L’isolation thermique par l’extérieur (ITE) est l’une des solutions de rénovation énergétique les plus efficaces pour améliorer le confort de votre logement, réduire drastiquement vos factures de chauffage et valoriser votre patrimoine. En enveloppant votre maison d’un manteau protecteur, cette technique élimine les ponts thermiques, modernise l’aspect de vos façades et préserve votre surface habitable. Que vous soyez contraint par la réglementation lors d’un ravalement ou que vous cherchiez à optimiser la performance de votre habitation, ce guide vous présente les avantages de l’ITE, les différentes techniques et matériaux disponibles, ainsi que les aides financières pour concrétiser votre projet.

isolation mur façade
Fixation de panneaux de laine de roche

L’isolation thermique des murs par l’extérieur améliore la performance énergétique

La loi sur l’isolation a été mise en place dans le cadre de l’accomplissement de la transition énergétique. Avec cette loi, l’État vise le cap des 500 000 rénovations énergétiques effectuées par an.

Récupérer jusqu’à 25 % des pertes de chaleur

Elle répond à un besoin économique, mais aussi écologique. L’Ademe, ou l’Agence de l’environnement et de maîtrise de l’énergie, estime que les Français perdent 25 % de leur chauffage à travers les maçonneries non isolées.

En suivant les normes requises par cette réglementation, il est possible de récupérer entièrement cette perte de chaleur.
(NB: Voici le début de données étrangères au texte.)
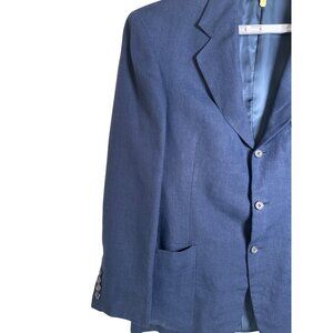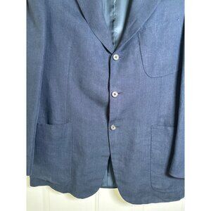 Elevate your style with the Polo Ralph Lauren Men's Linen Blazer in navy. This luxury jacket combines elegance with comfort, perfect for formal or casual occasions. There is no size or fabric tag on this blazer but quite sure it is 100% Linen. Made to wrinkle.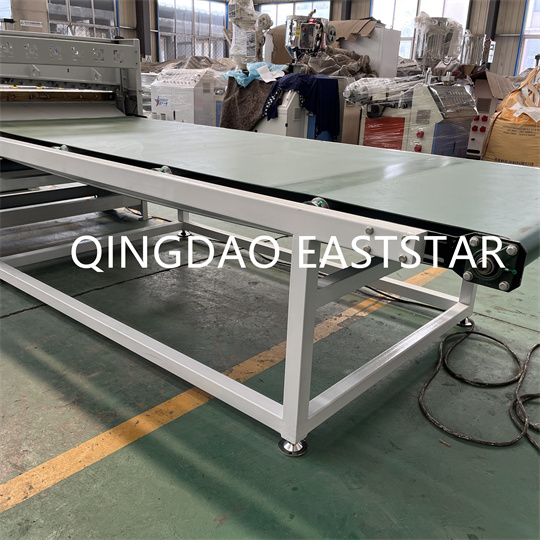 Conopeum PVC instrumenti tabulae maxime constat ex extrudero cochleae, forma scutellae, trium cylindro calendae, bracket refrigerationis, machinae globulus tractus, machina secans et machina importans.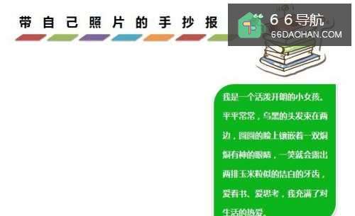 4在【带自己照片的手抄报】标题的下方右侧处,在框内写上字,如下图所示。

Pour rappel, les seuils de ces normes sont établis suivant le coefficient de la région climatique dans laquelle le logement se trouve.

En métropole, les zones H1 sont les régions où les températures sont les plus basses en hiver. Ensuite viennent les zones H2 et H3 où le climat est respectivement tempéré et méditerranéen. Ainsi, le seuil standard dans les zones H1 requiert l’utilisation de matériaux ayant une résistance thermique minimale de 3,7 m².K/W. Par contre, pour les lieux les plus chauds, la résistance requise est supérieure ou égale à 2,8 m².K/W. Pour atteindre ces niveaux de performance, l’épaisseur de l’isolant posé se situe généralement entre 12 et 18 cm, bien que cela puisse varier en fonction du matériau choisi et de sa conductivité thermique.

Faites des économies substantielles sur vos factures

Un bâtiment isolé selon ces standards bénéficie donc d’une bonne inertie thermique. Cela signifie que l’intérieur du logement ne subit pas les variations de température. En outre, la couche d’isolant contient l’air chaud en permanence en dedans. Il s’avère alors possible de diminuer la durée et l’intensité du chauffage sans nuire au confort.

L’isolation par l’extérieur amène donc à réduire efficacement la déperdition d’énergie. Les études montrent que l’on peut diviser par deux la facture de chauffage en hiver. L’investissement s’amortit donc rapidement grâce aux économies sur les dépenses énergétiques.

L’isolation thermique des façades par l’extérieur renforce le confort des occupants

La pose d’un isolant sur un logement doit contribuer à améliorer le confort général de ses occupants. Une couche isolante procure divers avantages : un gain thermique et phonique, une régulation de l’humidité.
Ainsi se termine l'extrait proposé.